An agent without memory is like a brilliant expert with complete amnesia — it can reason brilliantly within a single conversation but forgets everything the moment the interaction ends. Memory and state management are what transform stateless LLM calls into persistent, learning agents.
┌─────────────────────────────────────────────────┐
│ Agent Memory System │
│ │
│ ┌──────────────┐ ┌────────────────────────┐ │
│ │ Short-Term │ │ Long-Term │ │
│ │ (Context │ │ ┌─────────────────┐ │ │
│ │ Window) │ │ │ Episodic │ │ │
│ │ │ │ │ (Past sessions) │ │ │
│ └──────────────┘ │ └─────────────────┘ │ │
│ │ ┌─────────────────┐ │ │
│ ┌──────────────┐ │ │ Semantic │ │ │
│ │ Working │ │ │ (Facts, prefs) │ │ │
│ │ (Scratchpad) │ │ └─────────────────┘ │ │
│ │ │ │ ┌─────────────────┐ │ │
│ └──────────────┘ │ │ Procedural │ │ │
│ │ │ (How-to, skills) │ │ │
│ │ └─────────────────┘ │ │
│ └────────────────────────┘ │
└─────────────────────────────────────────────────┘
The conversation history within the current LLM context window. This is the most fundamental form of memory — every message in the conversation (user turns, assistant turns, tool results) is included in each request to the model.

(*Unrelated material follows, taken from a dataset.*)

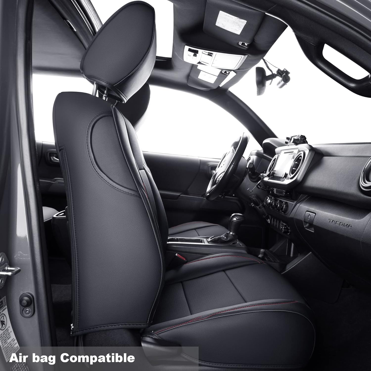 LUCKYMAN CLUB Tacoma Custom Fit Seat Covers for 2016-2023 Tacoma Crew Cab with Faux Leather (Black & Red)

Challenge: Context windows are finite. A 200K-token window sounds large, but it fills up quickly when tool results, code files, and conversation history accumulate.
A temporary store where the agent keeps track of intermediate results, plans, and observations during a single task execution:
# See code/memory.py for the full implementation
class WorkingMemory:
"""Scratchpad for current task execution."""
def __init__(self):
self.plan = None
self.observations = []
self.intermediate_results = {}
self.current_step = 0
def note(self, key, value):
"""Store an intermediate result."""
self.intermediate_results[key] = value
def observe(self, observation):
"""Record an observation from the environment."""

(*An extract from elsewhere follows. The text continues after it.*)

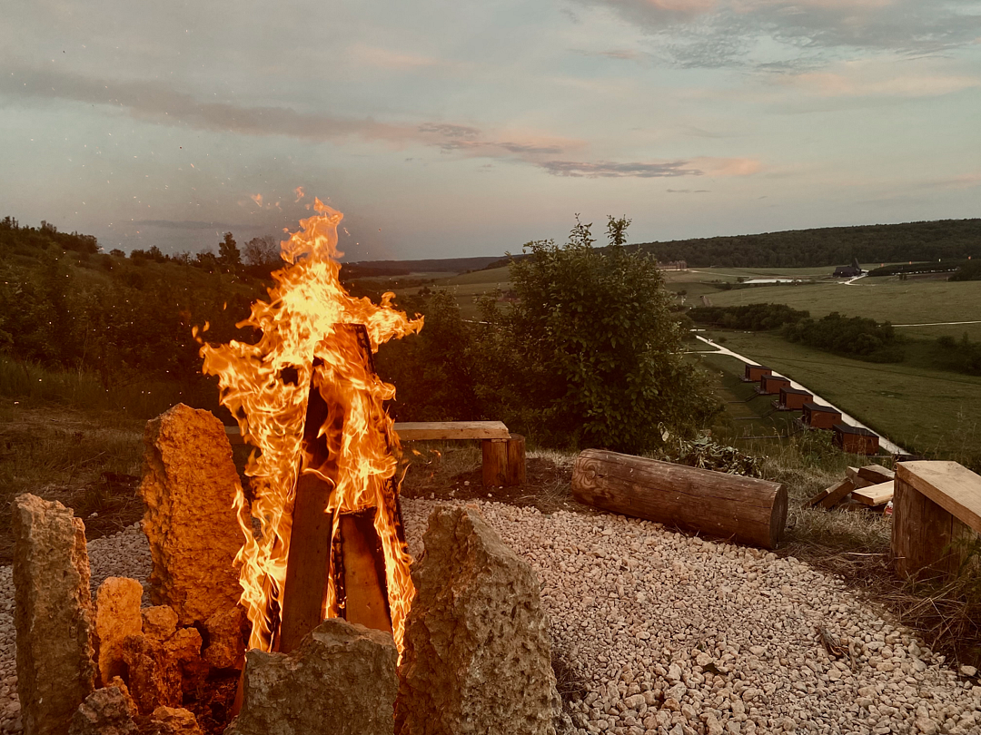 На базе отдыха для каждого домика предусмотрена индивидуально подготовленная костровая зона. Это идеальное место для уютных вечерних посиделок с близкими у костра, где можно насладиться атмосферой общения и уюта.

self.observations.append({
"step": self.current_step,
"content": observation
})
def summarize(self):
"""Get a summary for inclusion in the LLM context."""
return {
"plan": self.plan,
"completed_steps": self.current_step,
"key_findings": self.intermediate_results,
"recent_observations": self.observations[-5:]
}
Records of complete past interactions — what was asked, what the agent did, what worked, and what didn’t:
# See code/memory.py for the full implementation
class EpisodicMemory:
"""Store and retrieve past interaction episodes."""
def __init__(self, vector_store):
self.store = vector_store
def record_episode(self, task, actions, outcome, success):
episode = {
"task": task,
"actions": actions,
"outcome": outcome,
"success": success,
"timestamp": datetime.now().isoformat()
}
self.store.add(
text=f"Task: {task}\nOutcome: {outcome}\nSuccess: {success}",
metadata=episode
)
def recall_similar(self, current_task, k=3):
"""Find past episodes similar to the current task."""

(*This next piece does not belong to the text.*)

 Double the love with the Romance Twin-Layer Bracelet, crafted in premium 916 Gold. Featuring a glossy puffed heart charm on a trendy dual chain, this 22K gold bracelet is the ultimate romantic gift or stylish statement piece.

return self.store.search(current_task, k=k)
Accumulated facts, user preferences, and domain knowledge:
# See code/memory.py for the full implementation
class SemanticMemory:
"""Store and retrieve facts and knowledge."""
def __init__(self, vector_store):
self.store = vector_store
self.facts = {} # Key-value for quick lookups
def learn(self, fact, category=None):
self.store.add(text=fact, metadata={"category": category})
def learn_fact(self, key, value):
self.facts[key] = value
def recall(self, query, k=5):
return self.store.search(query, k=k)
def get_fact(self, key):
return self.facts.get(key)
Learned approaches and strategies that worked in the past:
class ProceduralMemory:
"""Store successful strategies and approaches."""
def __init__(self):
self.strategies = {}
def record_strategy(self, task_type, strategy, success_rate):
if task_type not in self.strategies:
self.strategies[task_type] = []
self.strategies[task_type].append({
"strategy": strategy,
"success_rate": success_rate
})
def best_strategy(self, task_type):
if task_type in self.strategies:
return max(self.strategies[task_type],
key=lambda s: s["success_rate"])
return None
The most immediate challenge in agent memory is managing the context window. As conversations grow, you need strategies to keep the most relevant information within the token budget.
Keep only the N most recent messages:
def sliding_window(messages, max_messages=20):
"""Keep the system prompt and the N most recent messages."""
system = [m for m in messages if m["role"] == "system"]
others = [m for m in messages if m["role"] != "system"]
return system + others[-max_messages:]
Periodically summarize older messages into a compact representation:
# See code/memory.py for the full implementation
def summarize_context(llm, messages, keep_recent=5):
"""Summarize older messages to fit context window."""
system = [m for m in messages if m["role"] == "system"]
others = [m for m in messages if m["role"] != "system"]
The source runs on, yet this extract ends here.